Final Research Report
Self-Supervised Learning ViT Models
Expert-grounded attention study testing whether vision models look at the architectural evidence human experts mark as diagnostic.
Abstract
Self-supervised vision models achieve strong downstream performance, but high classification accuracy alone does not reveal whether those models attend to the same visual evidence that human experts consider diagnostically important. This project studies that question in the WikiChurches setting, where expert bounding boxes identify architectural features such as arches, windows, towers, and facade elements that matter for style recognition.
The report evaluates seven vision models across self-distillation, masked autoencoding, multimodal contrastive pretraining, and a supervised CNN baseline, then measures attention alignment against 631 expert boxes on 139 annotated church images using IoU, Coverage, MSE, KL divergence, and EMD.
Results
DINOv3 is the strongest frozen spatial-prior model.

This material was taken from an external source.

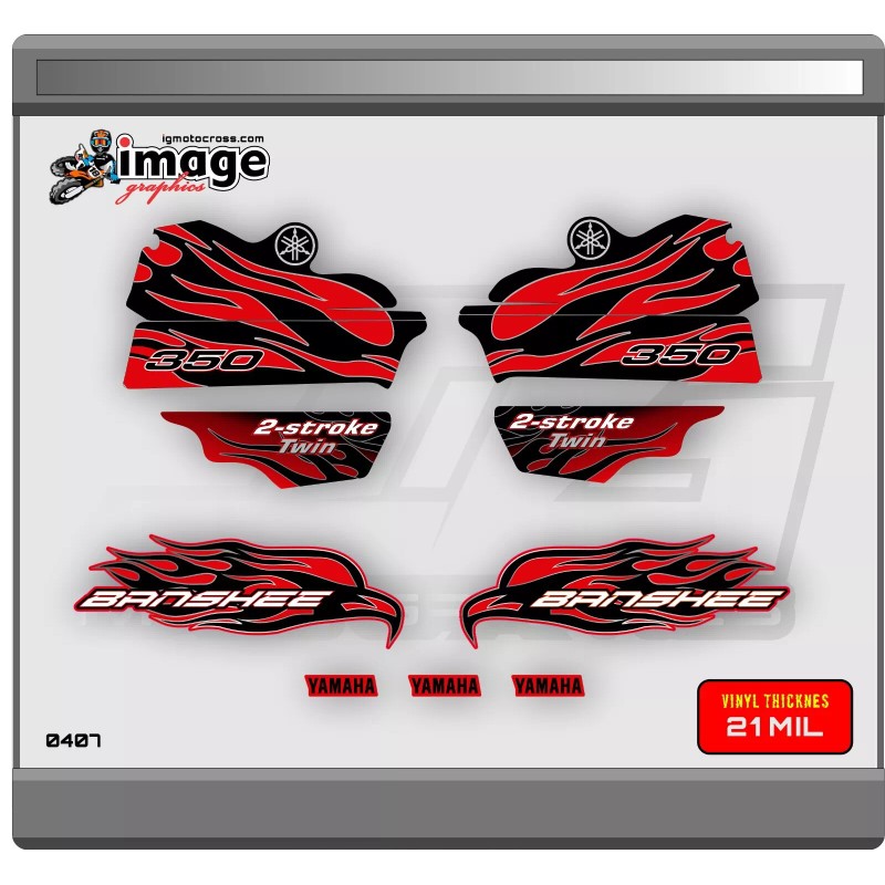 banshee Yamaha banshee graphics RED BLACKSTYLE 2008 KIT 21MIL THICK HIGH GLOSS

It leads the default-method benchmark on IoU@90, Coverage, KL, and EMD, and is the only model to clear all calibrated continuous baselines across MSE, KL, and EMD.
Fine-tuning helps, but unevenly.
CLIP gains the most after full fine-tuning, while MAE's largest shift appears around Renaissance pediment geometry. DINO mostly preserves an already useful frozen alignment.
The easy cases are shared across model families.
Frozen DINOv3 alignment predicts where CLIP improves after fine-tuning, suggesting the hard examples are often hard because the expert-marked feature is small, thin, peripheral, or visually entangled.
Head specialization is sparse and descriptive.
DINO-family dominant heads stay stable, MAE is partly reshaped, and CLIP reorganizes toward later adapted heads. The clearest alignments sit on larger structures such as portals, arches, and rose windows.